Background: It was shown that when exposed to extreme environment Dps-DNA co-crystallization takes place in Escherichia coli as a protective mechanism. However, to this date most of the proposed models of co-crystals were not backed up with any direct methods. Recent developments in Cryo Electron Tomography allow to visualize co-crystals with high spacial resolution in nearly native state.
Methods: The investigations were carried out in a Titan Krios 60-300 TEM/STEM (FEI, USA) CryoEM, equipped with direct electron detector Falcon II (FEI, USA) and Cs image corrector (CEOS, Germany), at accelerating voltage of 300 kV. Tilt series were collected automatically using FEI Tomography software in low-dose mode which allowed to minimize the radiation damage. Subtomogram averaging was performed in Relion2 software package. Data processing and 3D reconstruction were carried out using computing resources of the Federal Collective Usage Center Complex for Simulation and Data Processing for Mega-Science Facilities at NRC “Kurchatov Institute”.

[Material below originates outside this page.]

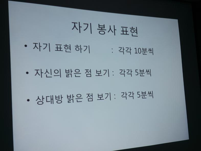 우선 2명이 2인1조가되어 자기표현하기를 시간을 꽉 채워가며 각자 15분씩 하였습니다.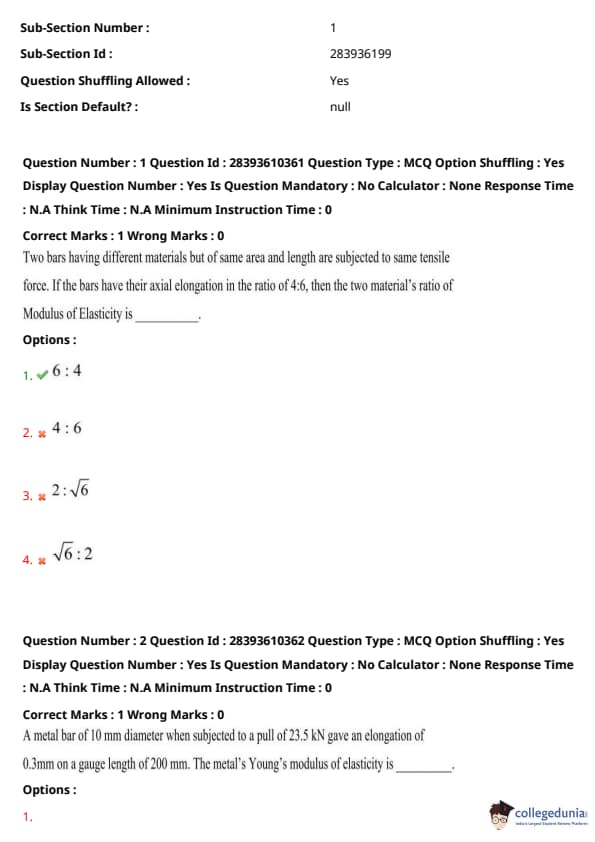 Two bars having different materials but of same area and length are subjected to same tensile force. If the bars have their axial elongation in the ratio of 4:6, then the two material’s ratio of Modulus of Elasticity is _________.

Results: In this study, different types of Dps-DNA co-crystals were observed in vitro. Structural characteristics of the co-crystals were revealed for the first time by Cryo Electron Tomography. Subtomogram averaging allowed the direct visualization of Dps and DNA molecules in co-crystals. It was shown that the first type of co-crystals exhibits lamellar morphology and is formed by Dps layers alternating with DNA strands. The co-crystals adopt central symmetric triclinic crystal structure. The second type adopts body-centered cubic crystal lattice with mutually perpendicular DNA strands packed between Dps molecules. We assume that co-crystals’ structure could be dependent on the parameters of the utilized Dps and DNA solutions.
Conclusion: In this study, we established structural characteristics of different types of Dps-DNA co-crystals. The obtained results are a vital step towards understanding the mechanism of protective Dps-DNA co-crystallization process.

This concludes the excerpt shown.